* _TO DO_
No picture should appear in the copy. Transcribe exactly, and only, the lines from the one with "When the Use" through the last line of the data below.

* _RECORDS PROVIDED_
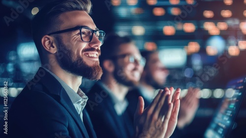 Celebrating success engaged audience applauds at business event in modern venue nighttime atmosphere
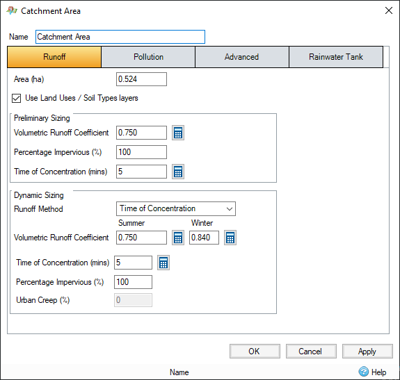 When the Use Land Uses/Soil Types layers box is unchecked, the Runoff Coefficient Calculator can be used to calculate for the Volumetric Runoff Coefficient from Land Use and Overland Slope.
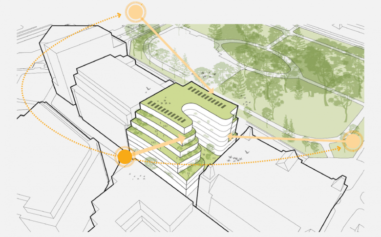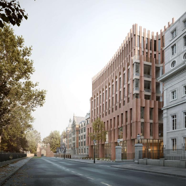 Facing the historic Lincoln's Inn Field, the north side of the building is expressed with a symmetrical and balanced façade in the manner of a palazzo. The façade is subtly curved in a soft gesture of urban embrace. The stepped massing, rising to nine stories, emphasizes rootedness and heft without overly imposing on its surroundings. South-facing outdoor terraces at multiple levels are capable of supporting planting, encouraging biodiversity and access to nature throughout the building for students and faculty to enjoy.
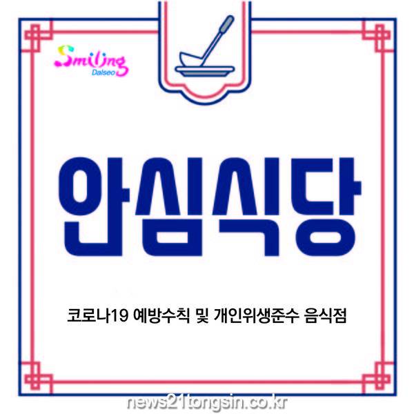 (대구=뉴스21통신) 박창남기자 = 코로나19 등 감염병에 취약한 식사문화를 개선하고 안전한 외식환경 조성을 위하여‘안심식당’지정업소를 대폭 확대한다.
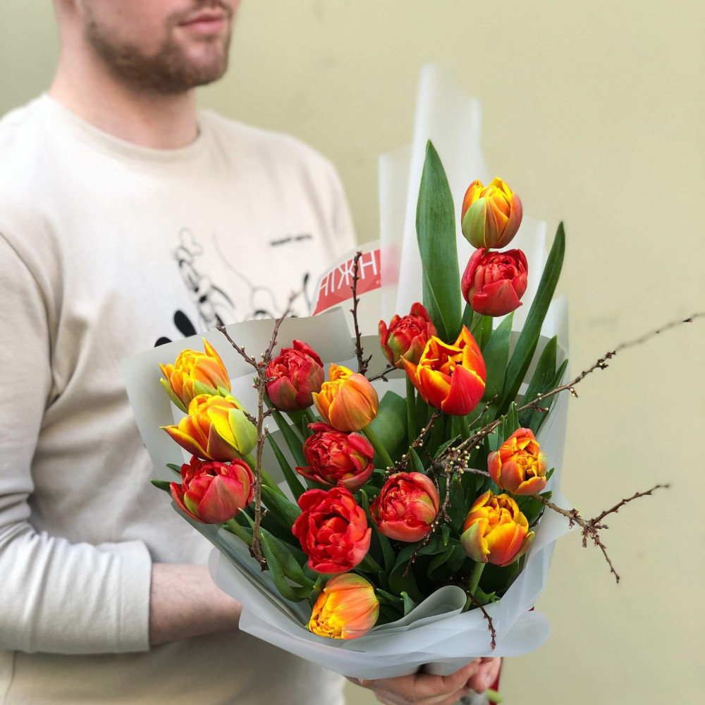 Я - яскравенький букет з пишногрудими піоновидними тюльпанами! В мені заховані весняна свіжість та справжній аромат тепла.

* _RESPONSE TO THE EXERCISE_
 When the Use Land Uses/Soil Types layers box is unchecked, the Runoff Coefficient Calculator can be used to calculate for the Volumetric Runoff Coefficient from Land Use and Overland Slope.
 Facing the historic Lincoln's Inn Field, the north side of the building is expressed with a symmetrical and balanced façade in the manner of a palazzo. The façade is subtly curved in a soft gesture of urban embrace. The stepped massing, rising to nine stories, emphasizes rootedness and heft without overly imposing on its surroundings. South-facing outdoor terraces at multiple levels are capable of supporting planting, encouraging biodiversity and access to nature throughout the building for students and faculty to enjoy.
 (대구=뉴스21통신) 박창남기자 = 코로나19 등 감염병에 취약한 식사문화를 개선하고 안전한 외식환경 조성을 위하여‘안심식당’지정업소를 대폭 확대한다.
 Я - яскравенький букет з пишногрудими піоновидними тюльпанами! В мені заховані весняна свіжість та справжній аромат тепла.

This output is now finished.